At the same time that data breaches and privacy intrusions are popping up at an uncomfortable rate, the technology space for collecting, categorizing, visualizing, and targeting data is growing even more rapidly. Look at nearly any technology, marketing, product, or customer success focused conference and you're sure to see sessions, if not a full track, dedicated to the all encompassing big data story.  Looking at one specific industry, such as the world of email, data is leveraged to inform what to send, to whom, and when. The thought of stripping away access to these fundamental insights seems terrifying to companies who are constantly looking for a way to increase engagement and conversion.  So what are companies to do? How do you mesh the desire and ability to leverage an abundance of valuable insights, with the resonsibility to do so in a careful and permitted way?

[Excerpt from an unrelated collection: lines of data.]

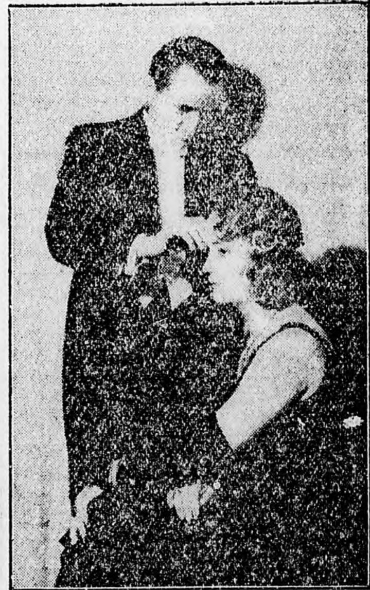
KÉP A FODRÁSZVERSENYRŐL

Bravuros munkát végeztek a vizondolálóverseny résztvevői. A férfi hajógóverseny után került sor a vasondolálóversenyre. Ez a szer-
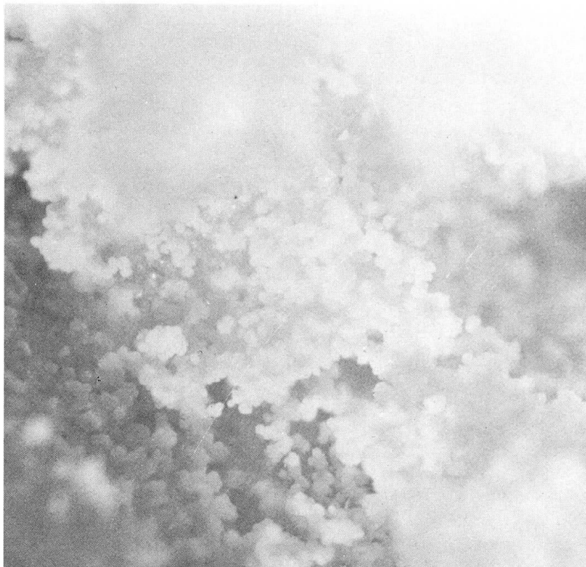
Abb. 3 Weilerit (sulfatfrei) in sphärolithischen Aggregaten. Grube Clara. Vergr. ca. 46 x.

gaten bestehende Krusten von weisser bis gelblich-weisser Farbe auf Schwer- spat (Abb. 3). Der Durchmesser der Sphärolithe erreicht knapp 0,05 mm.
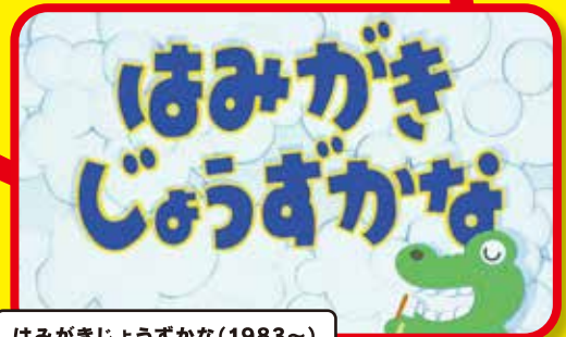
はみがきじょうずかな(1983～)
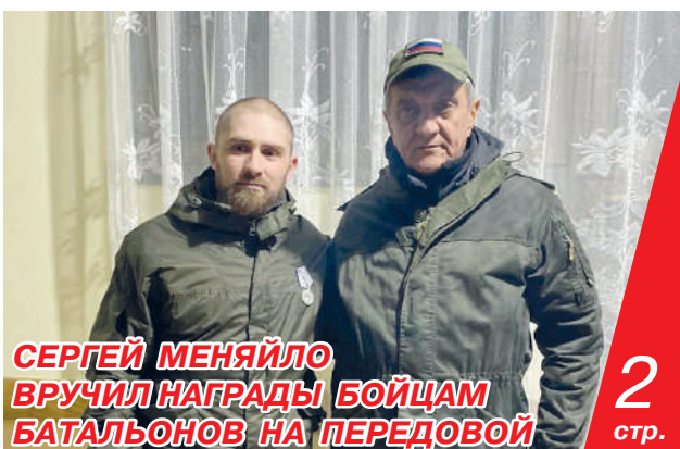
СЕРГЕЙ МЕНЯЙЛО ВРУЧИЛ НАГРАДЫ БОЙЦАМ БАТАЛЬОНОВ НА ПЕРЕДОВОЙ
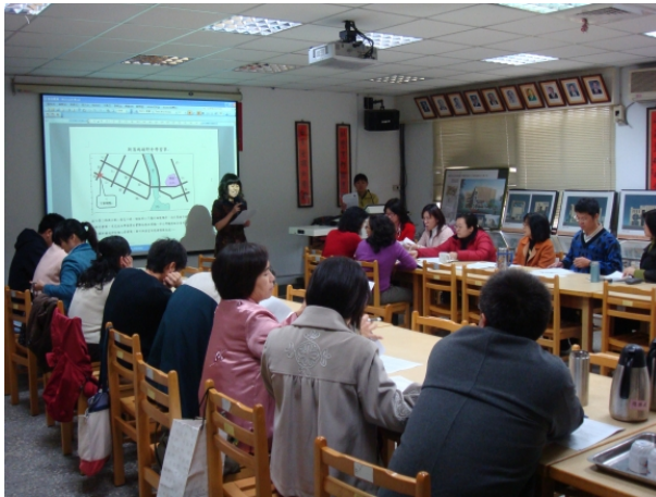
971224 社會科教學輔導教師設置知能研習
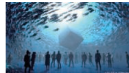
© 2022 WOW inc. All Rights Reserved

デジタルヒューマンという新しい身体の写し鏡、 変形構造体建築による新しい風景の鏡、デジタルと フィジカル二つの鏡を通じて磨き輝く命の形を示す
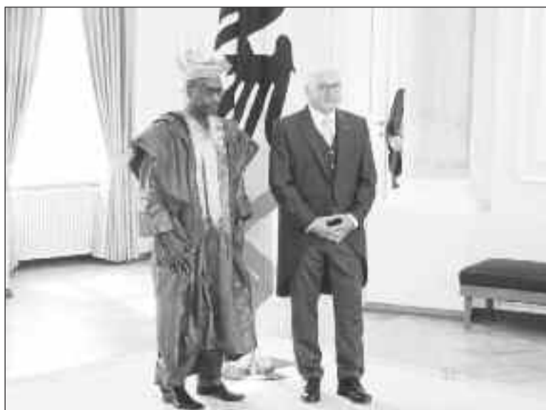
Lors de la présentation des lettres de créance
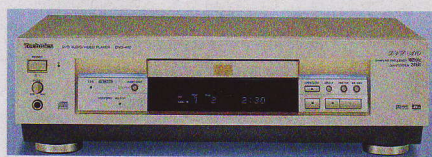
▲ 2000: DVD-A 10 – zur Jahrtausendwende startet Technics mit dem ersten DVD-Audio-Player. Es gab ihn auch in einer „Panasonic“-Version.
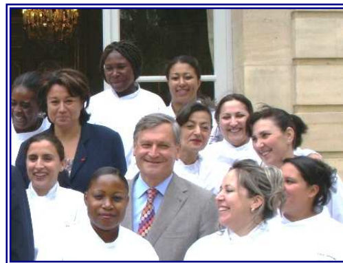
Les 15 femmes en avenir" ont été reçues à l'hôtel de Matignon par le Premier ministre

Une attention particulière a été donnée pour encourager les initiatives réduisant les difficultés les plus caractéristiques des demandeurs d'emploi issus des zones urbaines sensibles : parrainage des jeunes, formation diplômante pour les jeunes sans qualification (opération « 15 femmes en avenir », formées par les équipes d'Alain Ducasse), chantiers d'insertion liés à la rénovation urbaine.
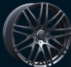
BRABUS Monoblock F "LIQUID TITANIUM" 18" - 19"
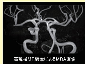
高磁場MR装置によるMRA画像

当クリニックでは1.5テスラの 高磁場MR機器 を導入しており、 高精度のMRA画像診断 が可能です。
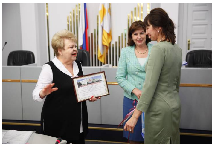
И.В. Маркасян – первый заместитель министра финансов края
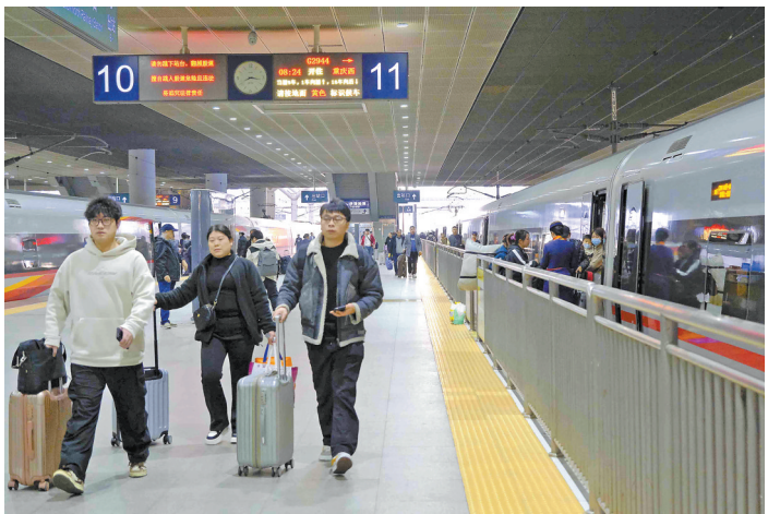
旅客踏上归家之路

实施节后用工“日调度 周报告”。充分发挥人力资源服务专员作用,落实“日调度 周报告”机制,每天通过电话、实地走访等形式掌握企业节后开工、员工返岗(含留莞)、新招员工人数等情况,对800家重点企业、3000多家监测企业等重点企业落实摸底调查、分级分类跟踪服务,帮助企业尽快满工达产。
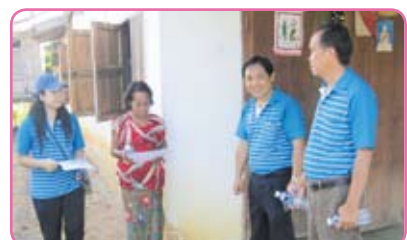
สาขาทุ่งเสลี่ยม ครั้งที่ 2 วันที่ 11 กรกฎาคม 2555 ณ บ้านเด่นดีมี ต.ทุ่งเสลี่ยม อ.ทุ่งเสลี่ยม จ.สุโขทัย
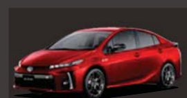
エモーションレッド(3T7) ※メーカーオプション
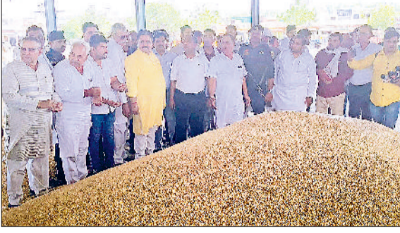
जीद। फसल खरीद का जायजा लेते डिट्टी स्पीकर डा. कृष्ण मिड्डा।

सुनिश्चित करने के लिए योजनाओं को व्यापक रूप से ऑनलाइन किया है। उन्होंने आगे कहा कि पहले के समय में लोगों को अपनी छोटी-छोटी समस्याओं के समाधान के लिए सरकारी कार्यालयों के बार-बार चक्कर लगाने पड़ते थे जिससे समय और संसाधनों की बर्बादी होती थी लेकिन अब डिजिटल सेवाओं के विस्तार के कारण अधिकतर सरकारी प्रक्रियाएँ सरल-पारदर्शी और सुलभ हो गई हैं। आमजन अब घर बैठे ही विभिन्न योजनाओं के लिए आवेदन कर सकते हैं और उनकी स्थिति की जानकारी भी ऑनलाइन प्राप्त कर सकते हैं। जनता दरबार
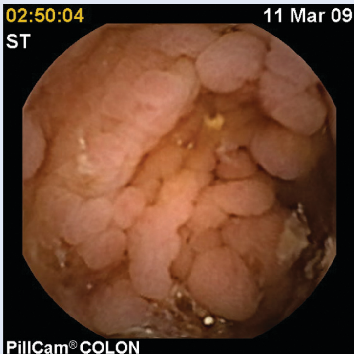
Slika 4. Multipli polipi kolona – familijarna adenomatozna polipoza – FAP Figure 4. Multiple colon polyps – Familial adenomatous polyposis – FAP

Jedno od najvećih ispitivanja provedeno je u osam europskih centara 8 i obuhvatilo je 320 bolesnika. Utvrđena je osjetljivost VCE od 72 % (95 % CI 68 – 75 %), a specifičnost od 78 % (95 % CI 71 – 84 %). Zaključak je autora da je pregled kolona moguć kapsulom, ali da je osjetljivost niža od kolonoskopije.
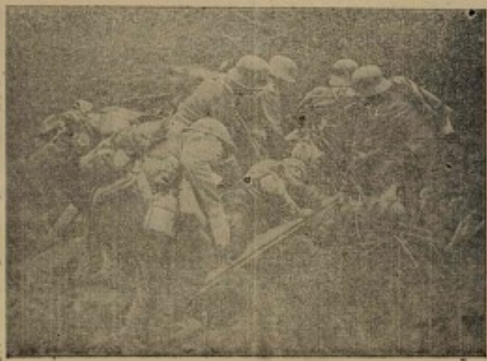
اسیرکان میدان حربا بریندار نقل دکن
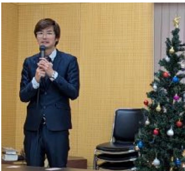
Saito-san samlar kristna i Ohio varje söndag.

Ohito kyrka och pastorsbostad revs ner till grunden förra året. Byggnaderna var fallfärdiga och man var orolig för vad som kunde hända under tyfoner och jordbävningar.
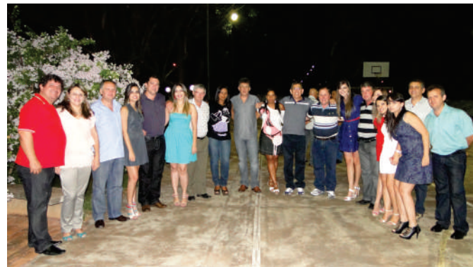
Um jantar de confraternização com a participação dos funcionários e conselheiros do SICOOB Aracredi, realizado no Condomínio Panorama, marcou com chave de ouro o encerramento da visita dos dirigentes do SICOOB CrediCanoinhas-SC.
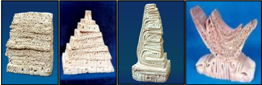
شكل (٢) بعض أشكال الحروفية
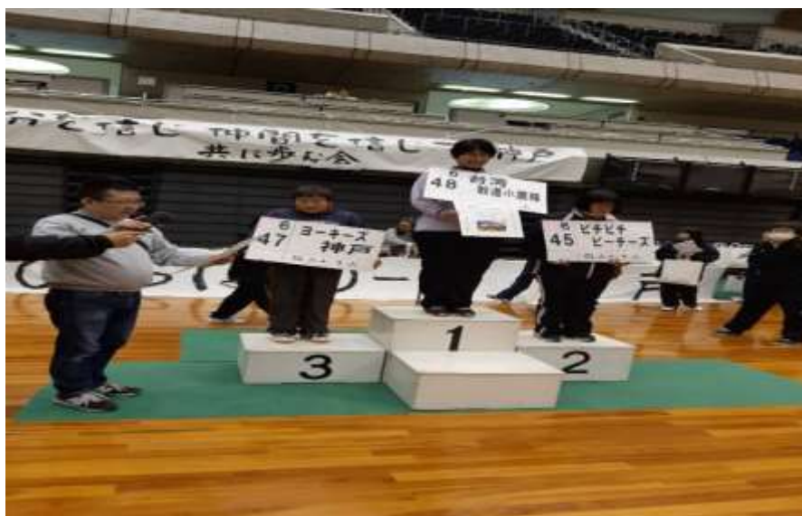
手語研習課程相片：台日手語交流 拍攝日期：108年09月
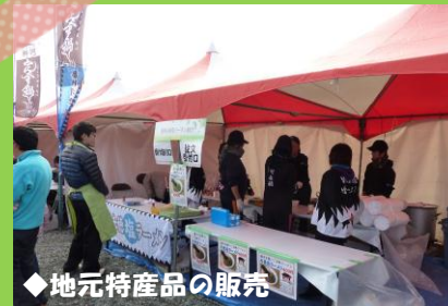
◆地元特産品の販売
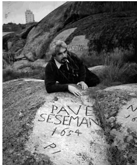
Aš ant riedulio su protėvio autografu Suomijos įlankoje. 1990.

tėvo mokslinį prestižą ne tik Lietuvoje, bet ir išgarsinti jį kaip mokslininką visoje Europoje.
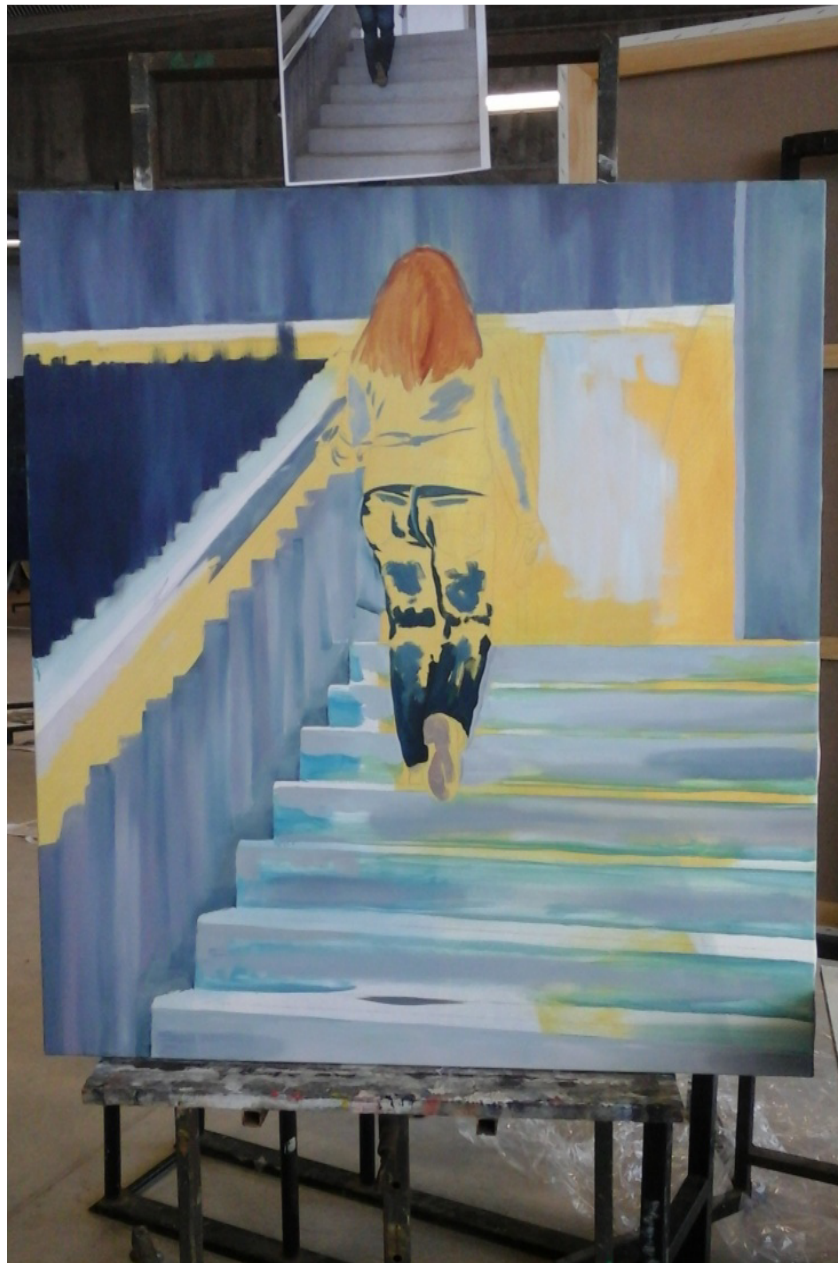
Técnica Mixta, (acrílico, óleo sobre lienzo).

En esta obra hizo el azar que las partes inconclusas llamaran mi atención, por lo que me decidí a dejarlo inacabado y empecé a reflexionar sobre el lenguaje pictórico que quería utilizar. Por ello puedo decir que éste es el origen de mi creación y queda incluido en el total de las obras presentadas en este proyecto.
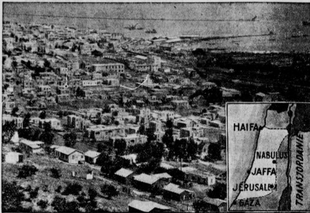
Da bi Angleži preprečili trenja med Judi in Arabci v Sveti deželi, jo hočejo razdeliti v dva dela. En del z Jeruzalemom in skoro vsemi lukami bi dobili Judje, drugi del pa Arabci. Arabski del bi spadal pod Transjordanijo.
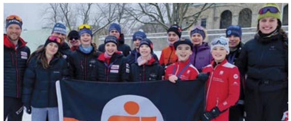
Un groupe d'athlètes se qualifiant pour les Jeux du Québec.
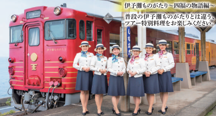
伊予灘ものがたり～四福の物語編～ 普段の伊予灘ものがたりとは違う、ツアー特別料理をお楽しみください。

四国まんなか千年ものがたり SHIKOKU MANNAKA SANNEN MONOGATARI
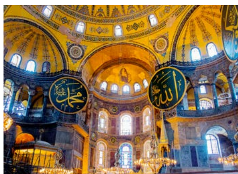
In der Hagia Sophia

Ein Höhepunkt jagt den nächsten. Zu Fuß geht es weiter zur Sultan-Ahmed-Moschee, auch bekannt als die Blaue Moschee. Sie ist ein Hauptwerk der osmanischen Architektur und prägt die Silhouette der Stadt seit über 400 Jahren. Der Prachtbau mit sechs Minaretten verdankt seine Berühmtheit in Europa dem Reichtum an blau-weißen Fliesen, die die Kuppel und den oberen Teil der Mauern
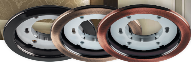
Арт. 28947 черный хром
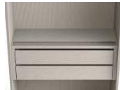
Coperchio con svuotatasche / Top with coin tray

In this talk we'll journey through the world of data at our fingertips; the privacy concerns and subsequent regulations that come with so much information; and, how to operate a business that does both the "Right" thing for the consumer, whithout impact the ability to innovate, personalize, and grow.

Question: 

What’s the focus of the work you do today?

Answer: 

I am a VP of products at SparkPost and I head up the product team. Product at SparkPost falls under the technology organization, and we partner with other teams such as engineering, compliance, and customer success. My role as head of product is to look at the SparkPost service as a whole, not just the features and functions that we deliver. Some parts of the service we focus on are the customer experience and ensuring we are protecting ourselves as well as our customers and their customers.

Question: 

What’s an example of a step in the journey you’ll be sharing?

Answer: 

One thing we’ll do is level set GDPR and privacy regulations for those that may have some awareness. It's important that we have a baseline understanding in the room because everyone has varying opinions on what is PII and what we should keep and not keep. Another step was digging into our data and investigating how we’re using it. You always have to think about where the data is going and how it’s being used and rehashed and encoded. You really have to determine what's important to you, what's important and brings value to your own consumers and even their customers. It’s a constant journey, and I think that's part of the story. But that doesn't mean that we can't do useful and innovative things. There's a lot that we want to do with data. There's a lot we think will add value to our customers.

Question: 

What do you feel is the most important trend in software today?

Answer: 

I think seeing data as a way to add value to people's lives. Data is a useful tool for helping us learn what additional things we could be doing and creating. But we also have to protect each other and realize that not everybody is as comfortable having information out there. We have to protect people's interest, make them feel comfortable with what we're doing, build trust, and continue to innovate. Probably the biggest thing from a software standpoint is trust. It’s important to show customers that you care about their best interests through how you develop and what you bring to the market.

Speaker: Amie Durr

Vice President of Product Management @SparkPost

Amie Durr is responsible for delivering technologies that help businesses support and drive their messaging needs with a focus on scale, usability, engagement, and analytics. As the only person she knows with a background in both Mathematics and Anthropology, Amie has spent her career marrying her love of data and technology with her love of understanding people and processes. She is an evangelist and strong supporter of innovation and generally doing cool stuff, championing both the voice of the customer and the market, as well as the creative, technical skills of the engineers.